● Problem details: Take the lines in the listing below from the line with "3. Click New Language link." up to and including the line with "しかし、同点の8回に先頭の菊" and set them down exactly, skipping pictures and adding nothing.

Segment Start: Data shown

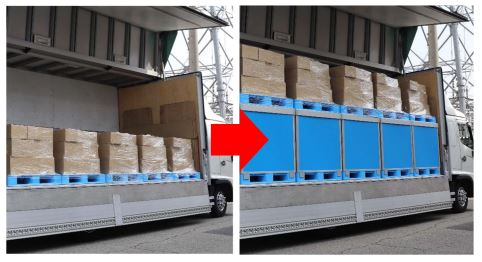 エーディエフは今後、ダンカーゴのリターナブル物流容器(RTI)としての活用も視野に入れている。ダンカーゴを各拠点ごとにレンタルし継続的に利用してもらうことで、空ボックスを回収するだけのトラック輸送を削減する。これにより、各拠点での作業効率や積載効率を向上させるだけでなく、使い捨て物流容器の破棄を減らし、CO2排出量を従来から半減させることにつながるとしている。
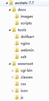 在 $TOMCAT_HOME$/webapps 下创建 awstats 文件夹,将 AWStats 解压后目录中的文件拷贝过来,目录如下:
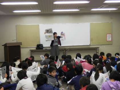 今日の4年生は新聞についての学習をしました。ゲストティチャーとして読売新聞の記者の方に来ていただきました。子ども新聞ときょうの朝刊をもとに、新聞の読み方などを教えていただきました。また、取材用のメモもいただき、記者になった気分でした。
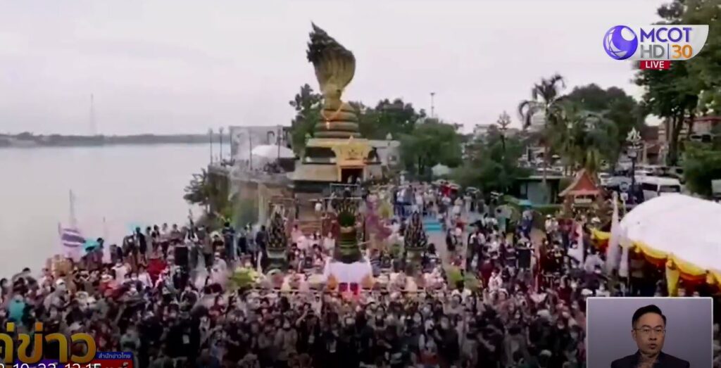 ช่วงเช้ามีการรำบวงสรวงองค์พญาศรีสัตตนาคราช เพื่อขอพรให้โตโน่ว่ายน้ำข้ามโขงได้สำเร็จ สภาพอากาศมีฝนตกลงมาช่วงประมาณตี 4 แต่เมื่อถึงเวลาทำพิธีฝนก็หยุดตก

Segment End: Data shown
Segment Start: Data shown

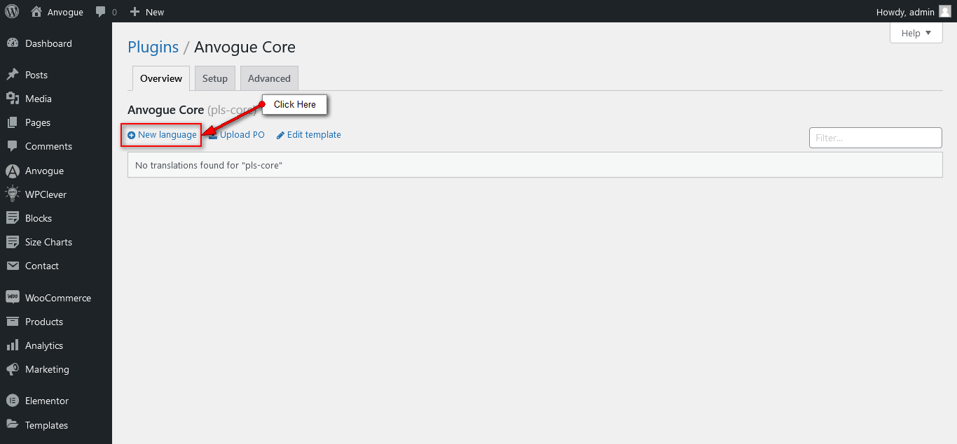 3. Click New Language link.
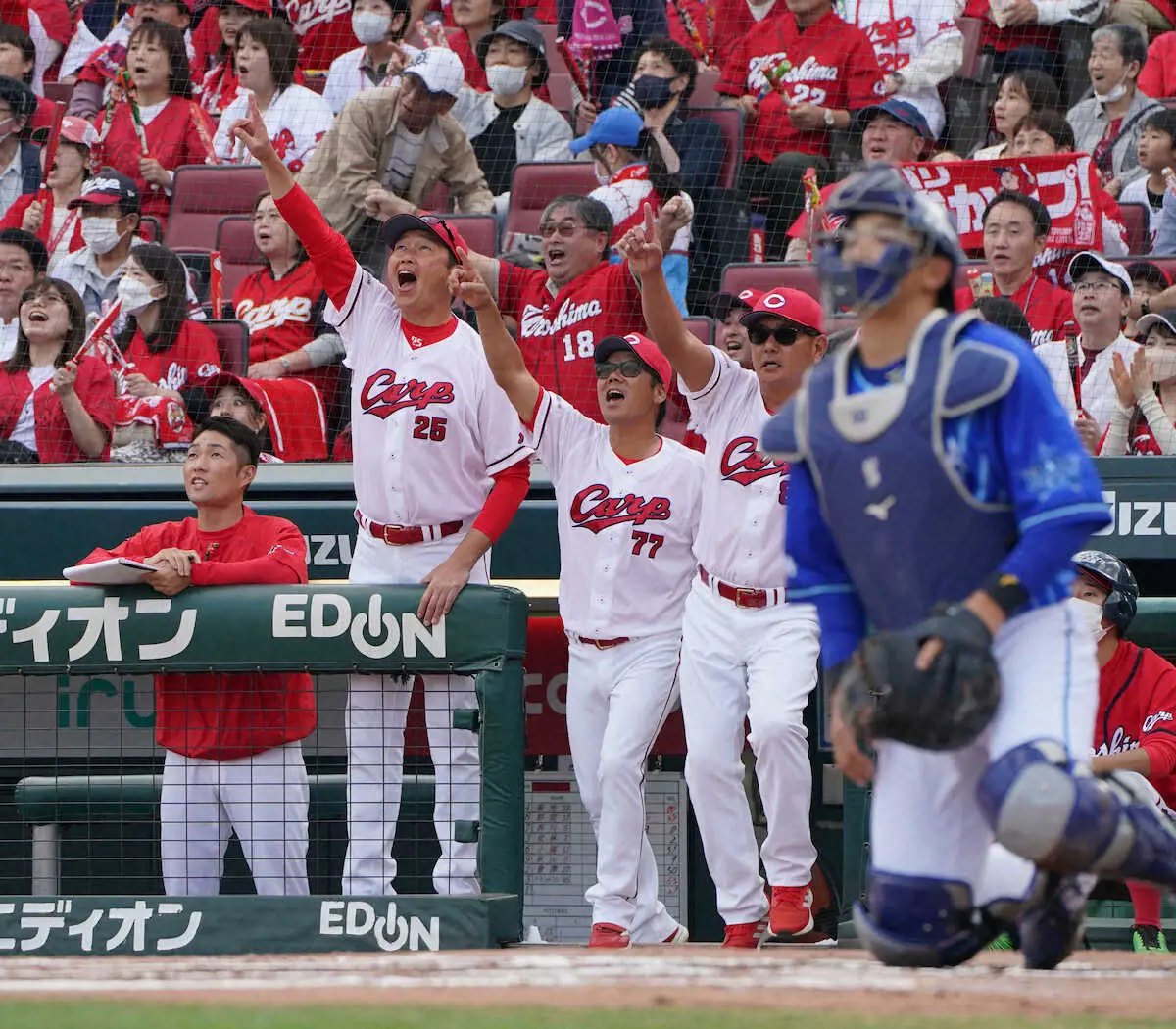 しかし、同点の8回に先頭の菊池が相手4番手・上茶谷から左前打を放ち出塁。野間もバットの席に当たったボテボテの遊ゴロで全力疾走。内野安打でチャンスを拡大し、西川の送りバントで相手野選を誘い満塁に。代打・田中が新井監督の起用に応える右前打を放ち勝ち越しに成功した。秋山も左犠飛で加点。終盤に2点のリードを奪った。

Segment End: Data shown

● Answer to this problem:
 3. Click New Language link.
 しかし、同点の8回に先頭の菊池が相手4番手・上茶谷から左前打を放ち出塁。野間もバットの席に当たったボテボテの遊ゴロで全力疾走。内野安打でチャンスを拡大し、西川の送りバントで相手野選を誘い満塁に。代打・田中が新井監督の起用に応える右前打を放ち勝ち越しに成功した。秋山も左犠飛で加点。終盤に2点のリードを奪った。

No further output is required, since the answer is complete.